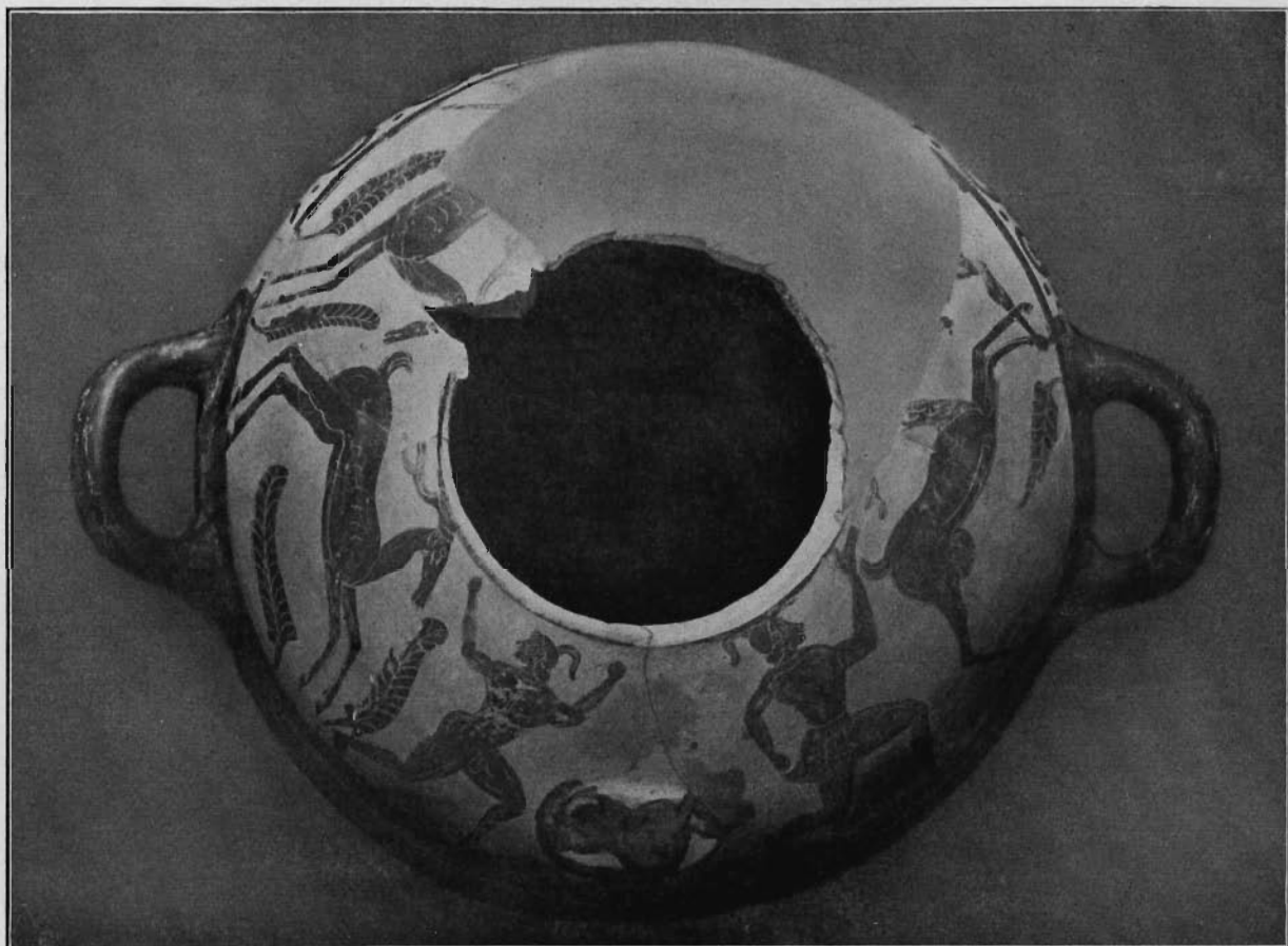
Fig. 2. - Parte superiore del vaso.

della fascia ondulata, e soprattutto dalle figure dei Pegasi al passo. Una caratteristica di quest'arte d'imitazione, è la predilezione per le figure alate: oche o cigni, poi sfingi, arpie-sirene, cavalli, più raramente donne e uomini alati, certo di natura divina (6) . La maniera schematica come sono eseguite le ali di tutte queste figu-
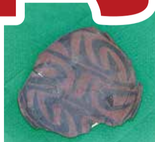
「藍胎漆器」亀ヶ岡石器時代遺跡
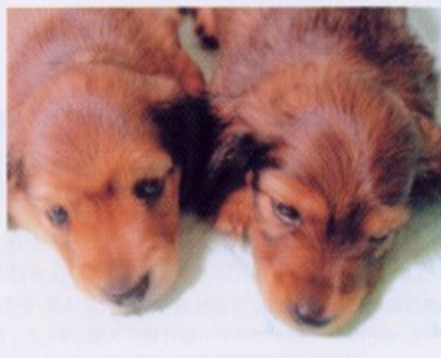
向かって写真左 オス サムくん、右 メス マリンちゃん

初めて生まれた2匹です。マリンちゃんは「さかご」で、サムくんはボンと生まれました。今は元気に走り回っています。もうすぐサムくんはパパの家に行ってしまう。淋しいです。ママはブラックタンですが、子供達はレッドです。顔は二匹とも似ていません。おっとり顔のサムくんとおてんばそうなマリンちゃんです。
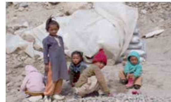
Enfants réfugiés en Inde
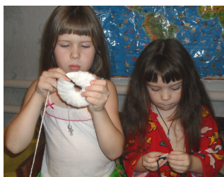
(Рис. 1) Изготовление помпончиков. Наматывание пряжи.

Далее мы сшили тело и голову, приклеили клюв, хвост, крылья из картона, пришили глазки. Снизу, в тело Сороки, вставили гибкую тросточку.
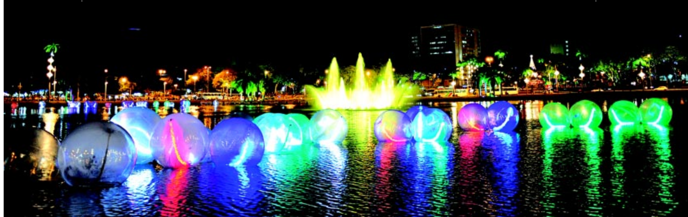
NA CAPITAL | A Lagoa do Parque Solon de Lucena ganhou um colorido todo especial com a iluminação de final de ano PÁGINA 8

João Pessoa, Paraíba | SÁBADO, 10 de dezembro de 2011 | ANO CXVIII - Número 269
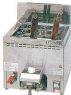
1 卓上ゆで麺器 TCU-4445X
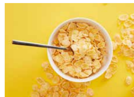
CEREÁLIE STR. 46
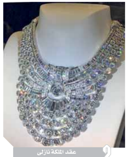
عقد الملكة نازلى
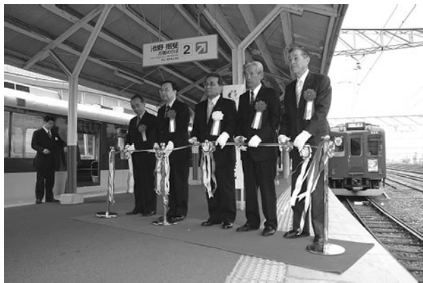
▲養老鉄道大垣駅で行われたテープカットの様子

揖斐駅前では、徳山ダムと谷汲山華厳寺などの町内観光スポットを周遊するバス「徳山ダム号」の出発式が行われ、セレモニーでは、出発を祝いテープカットが行われました。セレモニー終了後、小島幼稚園の園児の皆さんの鼓笛演奏にあわせ徳山ダム号が揖斐駅を出発しました。
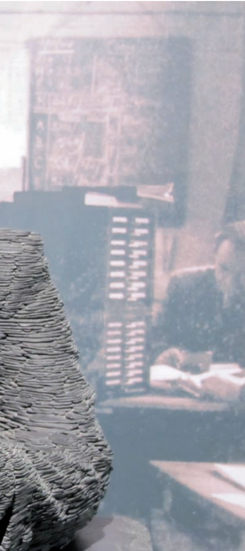
ara hi ha aquesta estàtua de pissarra.

salutació de l'autor" i la petició que disculpés la taca de la portada, perquè "és el darrer exemplar que en tinc".

**To do**
Nothing but the lines from the one containing "向かって写真左 オス サムくん、右 メス マリンちゃん" through the one containing "Далее мы сшили" should appear, copied exactly from the material above and without pictures.

**Result for this exercise**
向かって写真左 オス サムくん、右 メス マリンちゃん

初めて生まれた2匹です。マリンちゃんは「さかご」で、サムくんはボンと生まれました。今は元気に走り回っています。もうすぐサムくんはパパの家に行ってしまう。淋しいです。ママはブラックタンですが、子供達はレッドです。顔は二匹とも似ていません。おっとり顔のサムくんとおてんばそうなマリンちゃんです。
Enfants réfugiés en Inde
(Рис. 1) Изготовление помпончиков. Наматывание пряжи.

Далее мы сшили тело и голову, приклеили клюв, хвост, крылья из картона, пришили глазки. Снизу, в тело Сороки, вставили гибкую тросточку.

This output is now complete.